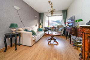 * De lichte doorzon-woonkamer heeft een prachtige vloer en geeft toegang tot de keuken. Aan de achterzijde is zonwering geplaatst;
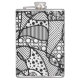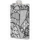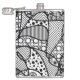 "Patterns Run Amok, 4" is the fourth in a series of black and white whimsical designs featuring a hand-drawn outline that's then filled in with repeating patterns. Circles, rings, squares, bulls-eye, targets, flowers and more are interspersed over the surface in an unpredictable array.
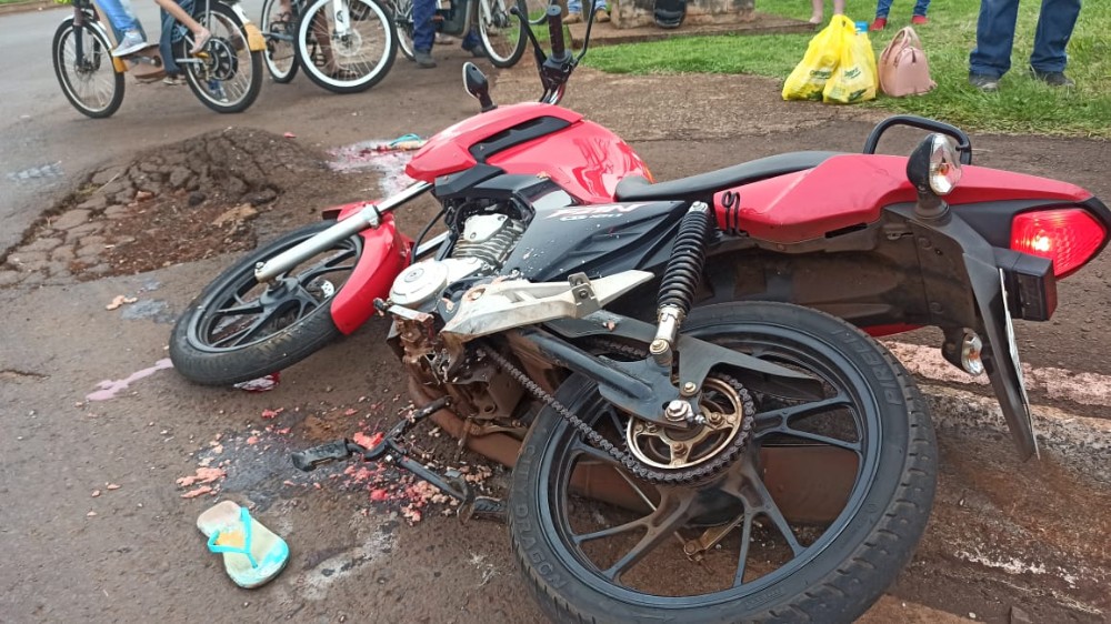 Com o forte impacto, a perna da rondonense foi dilacerada no acidente. O seu marido, carona da moto, não se feriu.
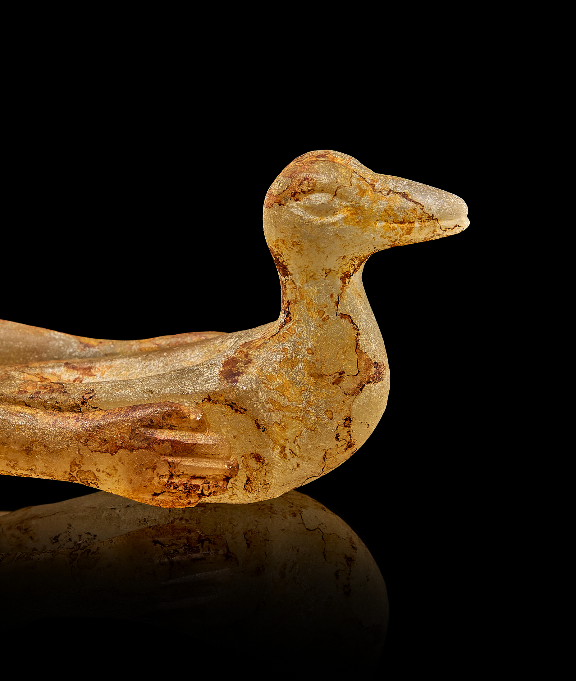 The duck float is equally detailed, with incised wings and a finely shaped head, exuding a sense of serenity and control. Light surface deposits and traces of ancient wear attest to the piece’s antiquity while enhancing its aesthetic appeal.
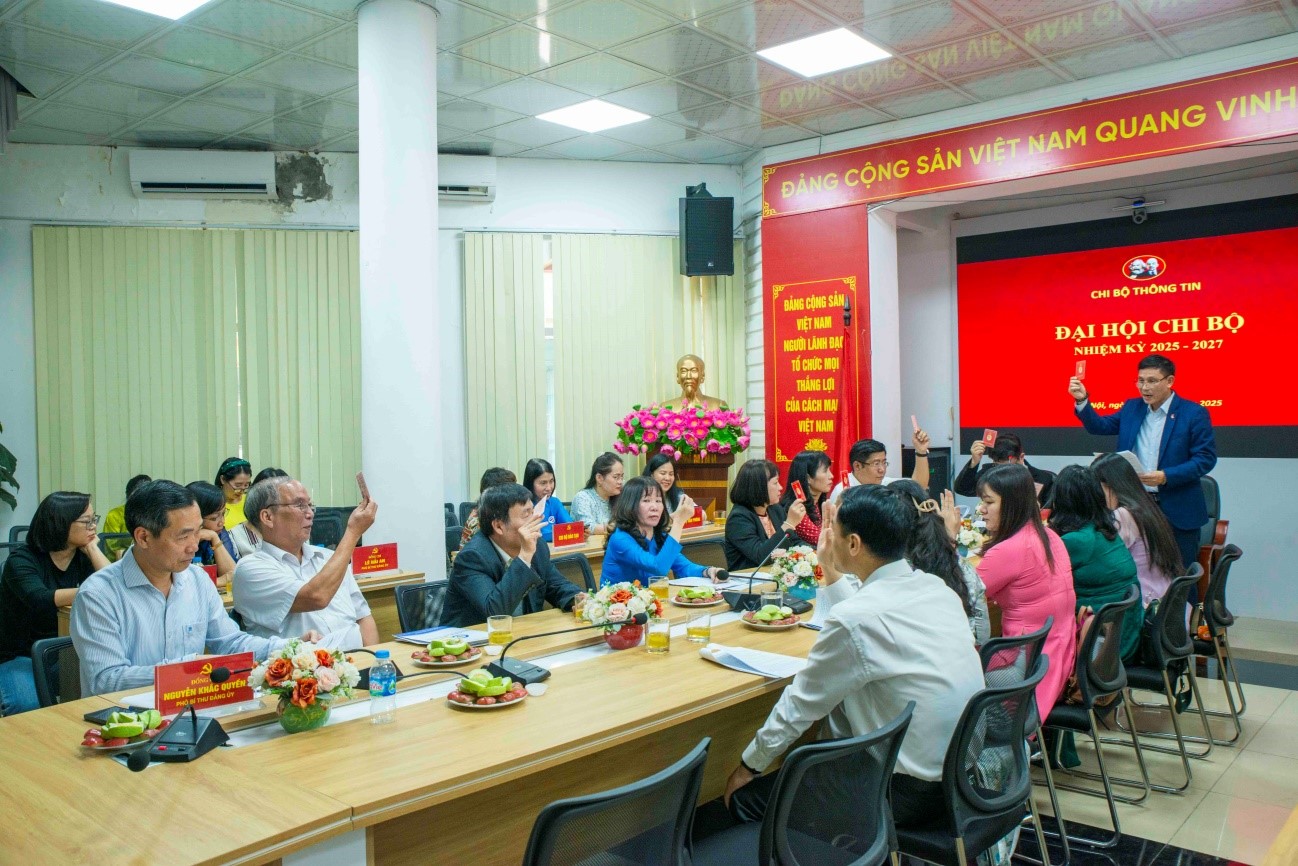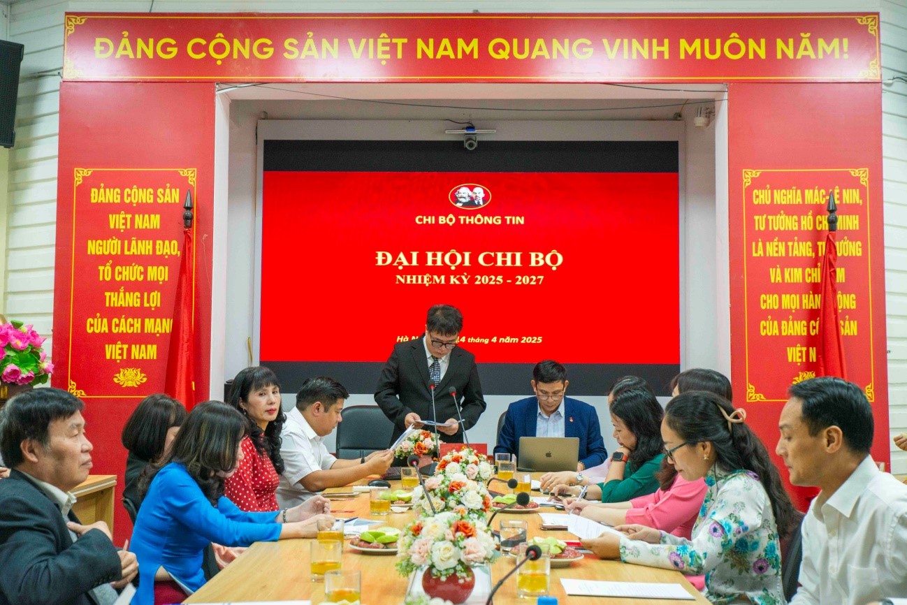 Tại Đại hội, Đồng chí Đỗ Quang - Bí thư Chi bộ nhiệm kỳ 2022 - 2025 đã trình bày Báo cáo chính trị, đánh giá kết quả công tác của Chi bộ Thông tin trong nhiệm kỳ 2022-2025 và đề ra phương hướng, nhiệm vụ, giải pháp cho nhiệm kỳ mới 2025 - 2027. Báo cáo chính trị cho thấy Chi bộ Thông tin đã phát huy trí tuệ tập thể, đoàn kết, kiên trì, khắc phục khó khăn hoàn thành xuất sắc 100% nhiệm vụ và chỉ tiêu mà Nghị quyết Đại hội nhiệm kỳ 2022 - 2025 đã đề ra. Để thực hiện thắng lợi Nghị quyết Đại hội Chi bộ Thông tin nhiệm kỳ 2025-2027, báo cáo chính trị đã đề ra phương hướng: Phấn đấu nâng cao chất lượng sinh hoạt chi bộ gắn với thực hiện tốt kế hoạch công tác chuyên môn; Triển khai áp dụng các giải pháp nhằm nâng cao năng lực lãnh đạo, sức chiến đấu của Chi bộ và chất lượng đội ngũ cán bộ, đảng viên trong Chi bộ; Tiếp tục nỗ lực, phấn đấu, vươn lên trở thành Chi bộ trong sạch vững mạnh; Đẩy mạnh công tác phát triển Đảng viên, giới thiệu quần chúng tích cực đi học lớp tìm hiểu về Đảng Cộng sản Việt Nam, giúp đỡ dìu dắt các quần chúng tích cực được đứng trong hành ngũ của Đảng.

__ABOUT THIS TASK__:
Reproduce, with no pictures, the lines from the one containing "an unpredictable array." to the end of the records above, exactly and inclusively.

__ANSWER SPACE__:
 "Patterns Run Amok, 4" is the fourth in a series of black and white whimsical designs featuring a hand-drawn outline that's then filled in with repeating patterns. Circles, rings, squares, bulls-eye, targets, flowers and more are interspersed over the surface in an unpredictable array.
 Com o forte impacto, a perna da rondonense foi dilacerada no acidente. O seu marido, carona da moto, não se feriu.
 The duck float is equally detailed, with incised wings and a finely shaped head, exuding a sense of serenity and control. Light surface deposits and traces of ancient wear attest to the piece’s antiquity while enhancing its aesthetic appeal.
 Tại Đại hội, Đồng chí Đỗ Quang - Bí thư Chi bộ nhiệm kỳ 2022 - 2025 đã trình bày Báo cáo chính trị, đánh giá kết quả công tác của Chi bộ Thông tin trong nhiệm kỳ 2022-2025 và đề ra phương hướng, nhiệm vụ, giải pháp cho nhiệm kỳ mới 2025 - 2027. Báo cáo chính trị cho thấy Chi bộ Thông tin đã phát huy trí tuệ tập thể, đoàn kết, kiên trì, khắc phục khó khăn hoàn thành xuất sắc 100% nhiệm vụ và chỉ tiêu mà Nghị quyết Đại hội nhiệm kỳ 2022 - 2025 đã đề ra. Để thực hiện thắng lợi Nghị quyết Đại hội Chi bộ Thông tin nhiệm kỳ 2025-2027, báo cáo chính trị đã đề ra phương hướng: Phấn đấu nâng cao chất lượng sinh hoạt chi bộ gắn với thực hiện tốt kế hoạch công tác chuyên môn; Triển khai áp dụng các giải pháp nhằm nâng cao năng lực lãnh đạo, sức chiến đấu của Chi bộ và chất lượng đội ngũ cán bộ, đảng viên trong Chi bộ; Tiếp tục nỗ lực, phấn đấu, vươn lên trở thành Chi bộ trong sạch vững mạnh; Đẩy mạnh công tác phát triển Đảng viên, giới thiệu quần chúng tích cực đi học lớp tìm hiểu về Đảng Cộng sản Việt Nam, giúp đỡ dìu dắt các quần chúng tích cực được đứng trong hành ngũ của Đảng.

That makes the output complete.